Note that ns-3 has a choice of various bit rate selection
algorithms at the MAC layer. You can choose any of them, or you can
use fixed rate. Again, the choice is dictated by what you see in your
ns-3 provides a way for you to collect pcap traces at various
nodes, in addition to various levels of debug logging. You can use
some combination of logging and trace collection to understand the
Steps in the analysis. Here is a rough guideline on how you should proceed with the simulations.
- First, try to simulate the exact experiment that is captured in the trace file provided. Your analysis can proceed in a similar fashion to what you did with the trace file. The results to look at are similar: time taken for each client to complete the download, per-client throughput, aggregate throughput of the AP, TCP loss rates, and so on.
- Vary the number of clients in the experiment, and see how the completion times and throughput numbers vary.
- Experiment with various bit rate adaptation algorithms? Is fixed rate giving you better results, or is some particular rate adaptation algorithm giving you better results.
Reconciling simulation and real-life experiments
Compare and contrast the results from the trace to results from simulations. Do your simulation and trace analysis results above match? That is, when you simulate a setting identical to the experiment from which the trace was collected, do the results like download completion time and aggregate network throughput match within the simulations and analysis. If they do, well, I would suggest you make sure that there is nothing wrong with your results. If you have double checked, and they still match, well, great!
In all likelihood though, simulations and experiments produce different results in practice. The first step would be to identify why the numbers are different. Here are some questions to ponder upon. These are only a small sample. I am sure we can identify more issues when we discuss your results in the monthly reviews.
- Is the traffic pattern the same?
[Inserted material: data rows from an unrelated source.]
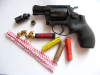 Qualität und mit vielen Stahlteilen versehen. Zb. Trommel, Hahn, Abzug usw. Der Revolver hat Griffe von Hogue drauf. Alles was auf den Bildern zu sehen ist wird verkauft.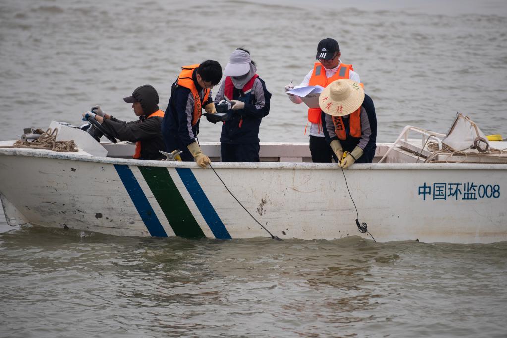 监测人员现场测定水生态环境参数(2023年5月13日摄)。新华社记者肖艺九 摄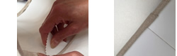 - Use the serrated edge of the packing tool provided to carefully push the excess fabric behind the rings.

For example, how much traffic is each node sending in the uplink and downlink directions?
- What are the loss rates at the TCP layers in each case? Why are the loss rates different?
- How many concurrent TCP/HTTP connections were present in each case? In other words, what was the contention on the wireless channel like in each case?
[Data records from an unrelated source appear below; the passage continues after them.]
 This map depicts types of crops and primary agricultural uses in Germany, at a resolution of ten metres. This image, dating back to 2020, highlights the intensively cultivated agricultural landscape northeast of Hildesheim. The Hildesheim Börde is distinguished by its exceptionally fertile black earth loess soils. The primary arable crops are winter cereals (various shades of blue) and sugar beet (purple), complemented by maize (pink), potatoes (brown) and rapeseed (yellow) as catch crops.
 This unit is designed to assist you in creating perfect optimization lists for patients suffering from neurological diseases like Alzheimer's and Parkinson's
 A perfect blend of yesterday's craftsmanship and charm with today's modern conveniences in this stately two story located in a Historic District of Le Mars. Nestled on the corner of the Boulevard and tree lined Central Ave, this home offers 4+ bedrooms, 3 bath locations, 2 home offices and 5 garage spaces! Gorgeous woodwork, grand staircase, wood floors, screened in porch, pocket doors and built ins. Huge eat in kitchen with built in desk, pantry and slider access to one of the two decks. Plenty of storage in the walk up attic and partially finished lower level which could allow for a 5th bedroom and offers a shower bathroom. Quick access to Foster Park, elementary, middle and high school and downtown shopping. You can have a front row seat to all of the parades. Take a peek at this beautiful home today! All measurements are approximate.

Once, you have identified the source of the discrepancy, you can modify the simulation setup to reflect reality in a better fashion. For example, you can change the traffic model, or the wireless channel loss model, or something else, to better capture the real-life effects in simulation. At this stage, the project is basically open-ended. There is no one right answer, as long as you can convince me of your answer.
Improving network performance in dense WiFi settings
This is the most challenging part of the project. I suggest you
attempt this only if you have completed the above work
thoroughly. That is, you have fully analyzed the trace file provided. You
have recreated the experiment in simulation, and you have reproduced
the network performance seen in real-life in your simulations as
well. Now, you can take the next bold step of trying to fix this
problem (in simulations of course!).
Once you have understood the performance bottleneck that is causing
a degradation in performance in a dense WiFi deployment, you can come
up with a fix to the bottleneck. The exact fix will depend on what
you identify as the problematic part of the network. Again, there is
no one right answer, and you can fix this problem in many
ways. Whatever fix you come up with, you will be required to implement
this fix, and demonstrate the improvement in performance before and
after your fix. For example, you can show that downloads are finishing
faster, or that network throughput has improved, or losses are lower,
or whatever. Please talk to me about your plans during monthly
reviews, and get feedback on your ideas.
Good luck! Hope you have fun and/or learn something useful during the project!